Question orale du sénateur Georges Patient – Amélioration de la situation sanitaire de la Guyane – Séance des Questions Orales du 14 juin 2011

Monsieur le Président,
Madame la Secrétaire d’Etat,
Mes chers Collègues,

Cette question me permet d’aborder l’état très inquiétant du secteur de la santé en Guyane. Elle tombe à point nommé puisque s’est tenue le 11 juin dernier à Cayenne une conférence régionale relative au rattrapage des offres sanitaires et médico-sociales.

L’heure est grave.

Le département détient des indicateurs de santé parmi les plus mauvais de France. Il dispose :

-d’une espérance de vie inférieure de quatre ans à celle de la métropole (79 ans pour les femmes, 72 ans pour les hommes),

– d’un taux de mortalité infantile de 10,5 pour 1000 naissances au lieu de 4 dans le reste de la France.

– Des pathologies qui ont des prévalences plus élevées : diabète, hypertension artérielle, VIH, tuberculose. Mais aussi des maladies insuffisamment traitées faute de formation adaptée, de personnel, d’équipements. Je pense tout particulièrement à la drépanocytose.

Le département se singularise également par une densité médicale très faible, (la Guyane est la région la plus désertifiée de France) et par un tissu sanitaire insuffisant. Il y a trois ans de cela, la fédération hospitalière de France mettait en évidence l’énorme insuffisance d’équipements sanitaires de la Guyane. Comparant la Guyane à la Corse, à population équivalente, elle mettait en évidence le fait qu’un habitant de la Corse disposait de 2,5 fois plus de structures sanitaires pour se soigner qu’un habitant de Guyane.

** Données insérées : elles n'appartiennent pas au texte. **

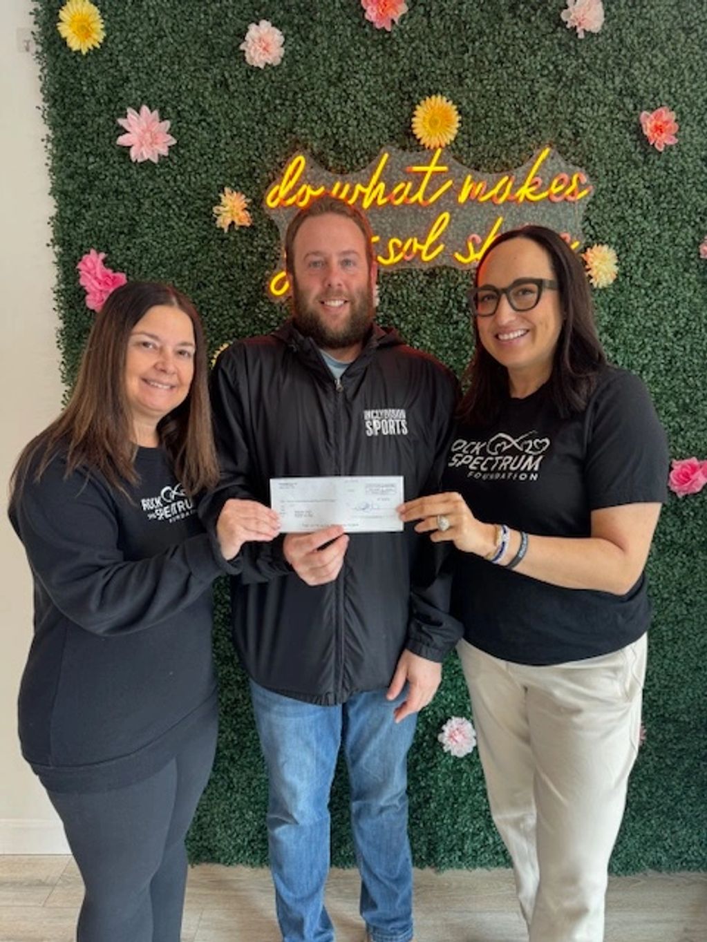 CO-FOUNDERS KATIE & CANDACE PRESENTING A CHECK FOR $9,450 TO GREG PERKINS OF INCLYOUSION SPORTS. THE MONEY WAS RAISED DURING OUR FUND-A-NEED LIVE AUCTION AT OUR 2023 GALA, AND WILL GO TOWARDS THEIR PLAY IT FORWARD SCHOLARSHIP WHICH WILL GIVE CHILDREN OF ALL ABILITIES THE OPPORTUNITY TO PARTICIPATE IN THIS INCREDIBLE SPORTS SKILLS PROGRAM.
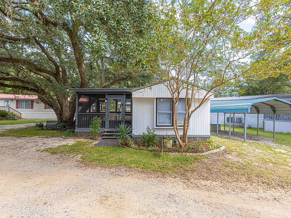 Partial Owner Financing Available. Owner is open to creative ideas. One of the photo is staged to show decorative idea. Picture says vurtual staging". Lets get you moved into this charming beach cottage! Lets make a deal! Beautiful renovated beach home with privacy, a rare situation. Neighbors are like 100 feet from your huge screened porch and deck.. 4 minutes walk to the Waterford Oaks waterfront community pier and gazebo. 6 minutes walk to the Atlantic Avenue fishing bridge with views of the Marsh. 12 minutes walk or 4 min bike/golf cart/car ride to the Ocean! The home includes an area to store a few golf carts, or use some of the property for your free personal boat storage. Waterford Oaks also includes free access to the community ramp to launch your boat. 12 foot x 16 foot screened porch, a 12 foot x 29 foot outdoor main deck and a small side deck of 7'x10' for relaxing, socializing and barbecue. 728 square foot home with 560 square foot of outdoor living space! One of the largest outdoor decks in the area. Space for a big outdoor table, multiple seating areas and a barbecue space with ocean breezes. The home is bright inside. Free standing shed for your yard supplies. A totally refreshed home near the beach! Great, bright kitchen for those who love to cook and entertain! Dimmer lights and undercounter lights. Three seat breakfast bar to socialize while cooking. Lots of kitchen storage. Over-range microwave that exhausts directly to the outdoors for a fresh home. Nice counter space, plenty of outlets for counter appliances and charging phones. Garbage disposal. Spacious bathroom with adorable furniture. Very large walk in shower with elegant wall tile and hexagonal marble floor. Large vanity storage and large free standing storage. Cute free standing linen cabinet in the hallway. Six different evening light levels from low elegant, to cafe lights over the deck for entertaining. Your own private park bench under the trees! Accommodates 7 to 8 cars for yourself and visitors. Carport. Shed. Roof was replaced and is in very good/excellent condition. AC coil replaced 2025, cools house very quickly. New bathroom exhaust fan. The best part is that you will be living under the partial shade of the most spectacular Live Oak trees in Garden City area! The deck feels like a tree house, with bird noises all around, squirrels and occasional geese walking by. For those who love outdoor serenity and a quick walk or bike ride to the beach, this is it! Option price to add a 2nd bathroom making it a 2br/2ba. Option price for large hot/cold outdoor shower. Base cabinets can convert to dishwasher slot if needed. Deck Painting is included in price, your choice of color. Move in special going on now. Lease may be able to be paid monthly for the 1st year!
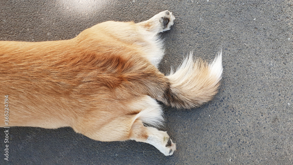 Pembroke Welsh Corgi, Welsh Corgi portret. Lifestyle Purebreed The dog lies on the asphalt with his hind legs stretched out
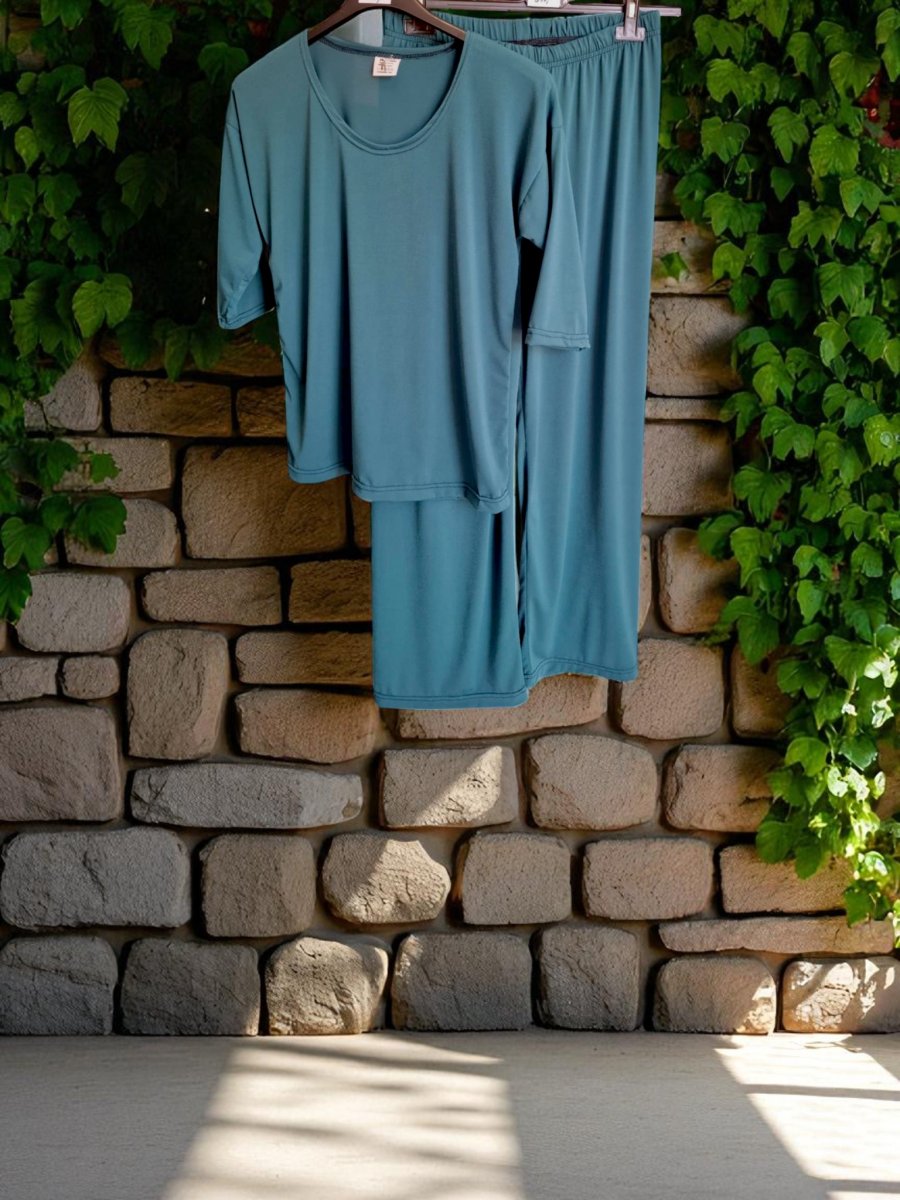 Letní komplet z jemné viskózy – pohodlí v barvě oceánu

Faire de la santé une priorité en outre-mer constituait l’un des objectifs du Conseil Interministériel de l’Outre-mer présidé par le Président de la République le 6 novembre 2009, qui matérialisait ainsi le Plan santé outre-mer, lancé en juillet 2009. Ce dernier avait pour objectif de prendre en compte les spécificités de l’outre-mer en matière de santé. Depuis, près de deux ans plus tard, c’est la perplexité voire la désillusion qui règne face aux lenteurs dans l’atteinte des objectifs fixés notamment dans le financement des opérations des structures sanitaires, la pérennisation des équilibres financiers.

Un constat unanimement partagé. Mme Huguette Dini, Présidente de la commission des affaires sociales du Sénat, en visite aux Antilles-Guyane en avril dernier dans le cadre d’une mission sénatoriale sur la santé en outre-mer, soulignait que l’appréciation portée par cette mission sur la mise en œuvre du Plan Santé Outre-mer était « décevant ». Les orientations du Projet Régional de Santé (PRS) présenté par le Président de l’Agence Régionale de Santé (ARS) de Guyane en avril 2011, ont fait état du « retard majeur de la Guyane en matière d’offres de santé ainsi qu’au niveau du médico-social ». En effet ce retard s’accentue alors qu’il y a une urgence imposée par la croissance exponentielle de la population, de l’ordre de 3,9% par an, et par les caractéristiques territoriales qui rendent plus difficiles l’accès égal pour tous aux soins.

Madame, j’aimerais savoir quelles mesures envisage de prendre le gouvernement  afin de garantir une égalité des soins de qualité et réduire les inégalités criantes en matière de santé en Guyane.